Even the relationships were really hard to care about. Pikelet and Moody's friendship encapsulates solidarity, jealousy, a sense of suffocation. We've all been there. Maybe it is a gender thing, but I couldn't relate, or feel, or care and I really thought I should have. His relationship with Sando, the adult ex-pro surfer is a little more complex and interesting. There is awe, idolisation, lust for approval then finally, hurt and betrayal. Again it didn't trigger the emotive response that it should have. It was only during the course of his encounter with Eva that any kind of legitimate feelings seemed to pass. Reflections on the erratic energy between the pair, swinging from lust, to love, to hate and back again seemed to evoke a passion dormant in Winton's protagonist until now.
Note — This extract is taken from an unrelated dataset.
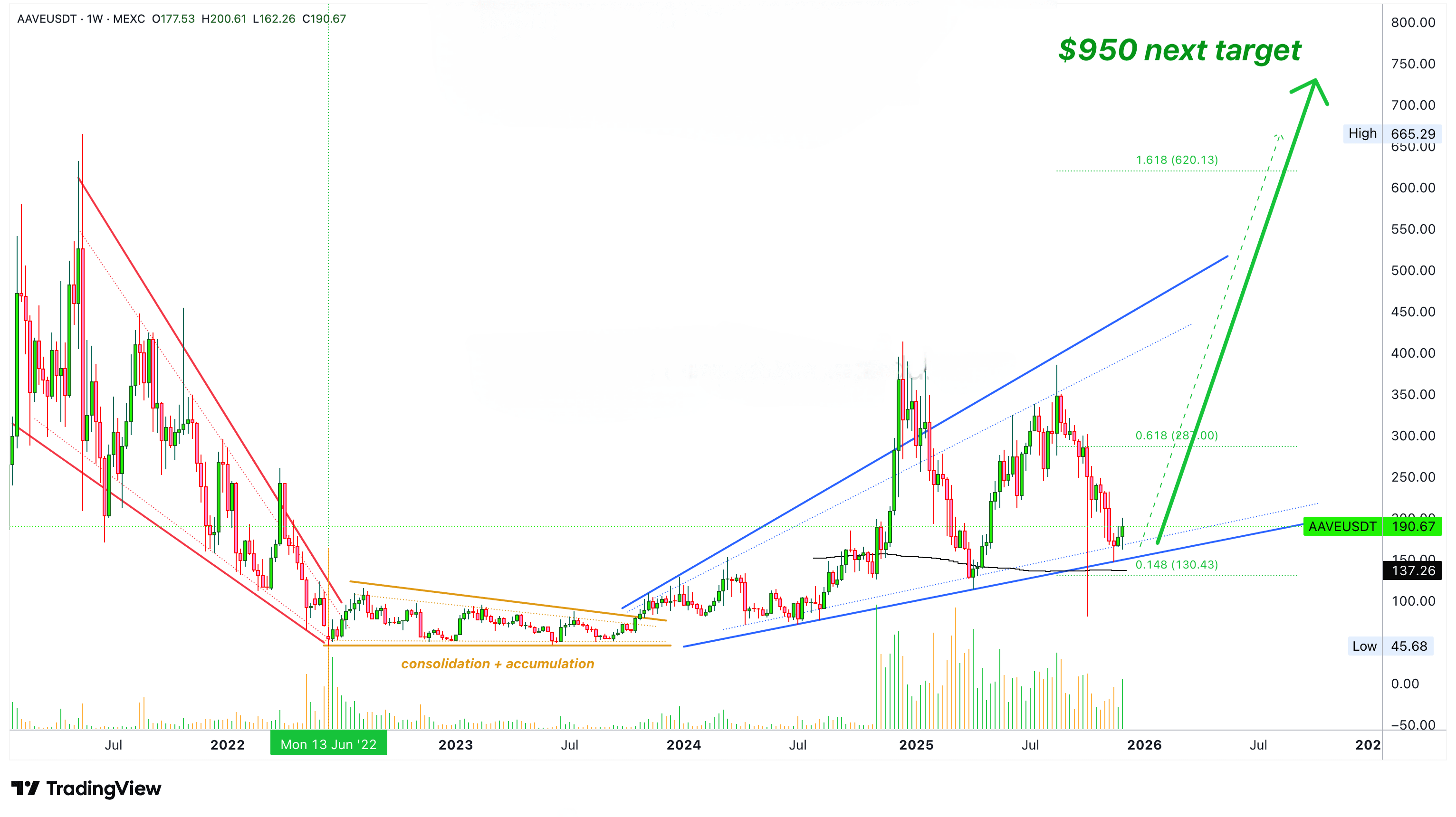 AAVEUSDT достиг дна в июне 2022 года. После этой даты. Никаких новых минимумов. Был период консолидации и накопления на низких ценах до конца 2023 года, когда рынок стал бычьим. У нас есть более высокие минимумы в долгосрочной перспективе.

Again a range of emotions are explored; guilt, disgust, infatuation take place as these two lonely, misplaced individuals find a connection, but for the first time, it rings true.

In the last 17 pages Pikelet provides a concise summary of his life here after. This is the man I wanted to meet all along. I want to know why his marriage finally fell apart, seeing the reasons cited as only fractions of the whole equation. I wanted to know why he was institutionalised, why he carries the stigma of perversity, when he was never a willing participant, and if it's just because he thinks pregnant women look sexy, then maybe I'm less prudish than I thought. These questions are never really answered. The component that could have made this a great, great novel seems skimmed almost to the extent of being a succession of footnotes.

I finally did identify with Pikelet, or Bruce Pike as he is again called in adulthood. But it took until the last ten pages before the book's closure.